Hello, i'm new here, so i am sorry if i have posted in the wrong section.
I feel like i am losing my mind, we have a daughter, shes just turned 2 and now it's hit us that if we're going to have another child it would be soon as we have always said we wouldn't want a large age gap. So this is it, decision time (now or never) and we are stuck, we've been so sure since she was born that we wouldn't even consider another child, but now our friends etc.. have started to have second and third children I've been questioning myself, i was so sure in myself a few weeks ago and now i don't know if i'll regret not having more when i'm older (waiting a few years isn't an option for us)
But the baby stage and pregnancy has been very hard on me since my OH works away and we don't have many family or friends near by, I'm just about getting back to normal and possibly starting P/T work soon but if we have a 2nd i wont go back for at least another 4 years and i don't know if i could do that, or even handle two children, i don't think i could since i have bad anxiety. What if we had twins or a disabled child, i just don't think we'd cope.
Also we just can't afford it, our mortgage is high and if OH lost his job we'd literally have no where to live, we are comfortable and happy as we are right now, we don't want to fix what isn't broken, if we had two i think money would be too tight, we would be overstretched as parents and could possibly lead us to break up, and i don't want to be left raising two kids by myself.
Then all the extra work will fall on me, i'll be expected to have a full time job when they're in school (couldn't pay for nursery before then) and keep the house in good order, take them to appointments and doctors etc..(without a car) be the one who has the days off work when they're home sick and put my job on the line. I don't want to be called selfish for only having child for the rest of my life, or do i go with my gut, know my personal limitations and stay as we are?
But then there's that niggling feeling that i'll regret not giving my girl a sibling to share life with (she may or may not like her sibling so that's another point to consider)
I just don't know what to do, my OH is also dithering like me, but he was happy before when we decided she was to be our only child, until we started discussing it, now its hanging over us.
Sorry about the long post, let me know what you think.
Thanks
I feel like i am losing my mind, we have a daughter, shes just turned 2 and now it's hit us that if we're going to have another child it would be soon as we have always said we wouldn't want a large age gap. So this is it, decision time (now or never) and we are stuck, we've been so sure since she was born that we wouldn't even consider another child, but now our friends etc.. have started to have second and third children I've been questioning myself, i was so sure in myself a few weeks ago and now i don't know if i'll regret not having more when i'm older (waiting a few years isn't an option for us)
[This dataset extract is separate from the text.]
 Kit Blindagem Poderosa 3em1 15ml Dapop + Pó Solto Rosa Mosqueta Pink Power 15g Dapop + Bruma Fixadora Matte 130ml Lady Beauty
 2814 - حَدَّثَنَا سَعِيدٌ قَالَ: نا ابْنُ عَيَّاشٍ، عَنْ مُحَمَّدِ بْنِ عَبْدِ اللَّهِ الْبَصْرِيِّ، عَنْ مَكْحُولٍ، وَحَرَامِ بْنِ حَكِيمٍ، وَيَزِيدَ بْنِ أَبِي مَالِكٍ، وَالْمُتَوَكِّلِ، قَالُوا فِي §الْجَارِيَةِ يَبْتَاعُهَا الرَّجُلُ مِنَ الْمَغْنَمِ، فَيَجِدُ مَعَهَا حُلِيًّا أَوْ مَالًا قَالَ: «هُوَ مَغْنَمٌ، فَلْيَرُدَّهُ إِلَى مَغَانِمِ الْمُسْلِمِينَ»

But the baby stage and pregnancy has been very hard on me since my OH works away and we don't have many family or friends near by, I'm just about getting back to normal and possibly starting P/T work soon but if we have a 2nd i wont go back for at least another 4 years and i don't know if i could do that, or even handle two children, i don't think i could since i have bad anxiety. What if we had twins or a disabled child, i just don't think we'd cope.
Also we just can't afford it, our mortgage is high and if OH lost his job we'd literally have no where to live, we are comfortable and happy as we are right now, we don't want to fix what isn't broken, if we had two i think money would be too tight, we would be overstretched as parents and could possibly lead us to break up, and i don't want to be left raising two kids by myself.
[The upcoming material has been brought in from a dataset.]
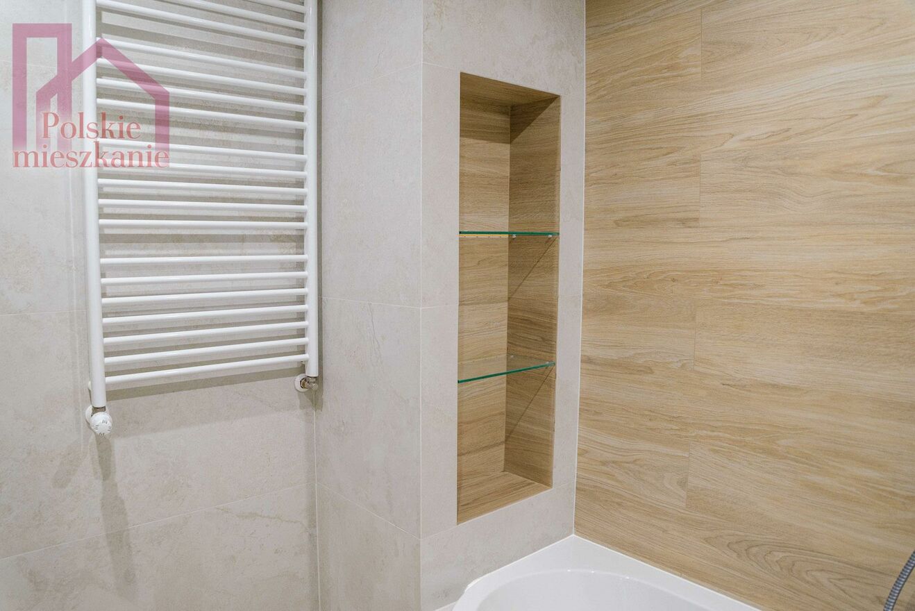 - łazienka całkowicie wykończona(płytki, wanna, oświetlane półki),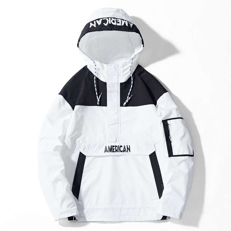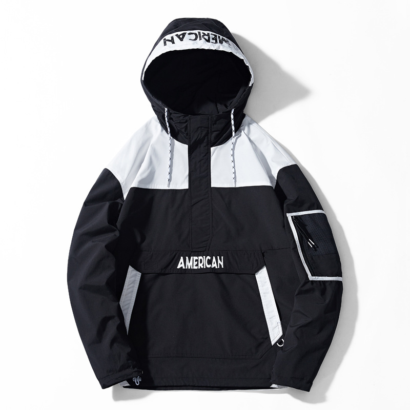 Bulk Utility Patchwork Pullover Jackets For Men Custom Hip Hop Streetwear Anorak Outdoor Men Hooded Windbreaker Jacket

Then all the extra work will fall on me, i'll be expected to have a full time job when they're in school (couldn't pay for nursery before then) and keep the house in good order, take them to appointments and doctors etc..(without a car) be the one who has the days off work when they're home sick and put my job on the line. I don't want to be called selfish for only having child for the rest of my life, or do i go with my gut, know my personal limitations and stay as we are?
But then there's that niggling feeling that i'll regret not giving my girl a sibling to share life with (she may or may not like her sibling so that's another point to consider)
I just don't know what to do, my OH is also dithering like me, but he was happy before when we decided she was to be our only child, until we started discussing it, now its hanging over us.
Sorry about the long post, let me know what you think.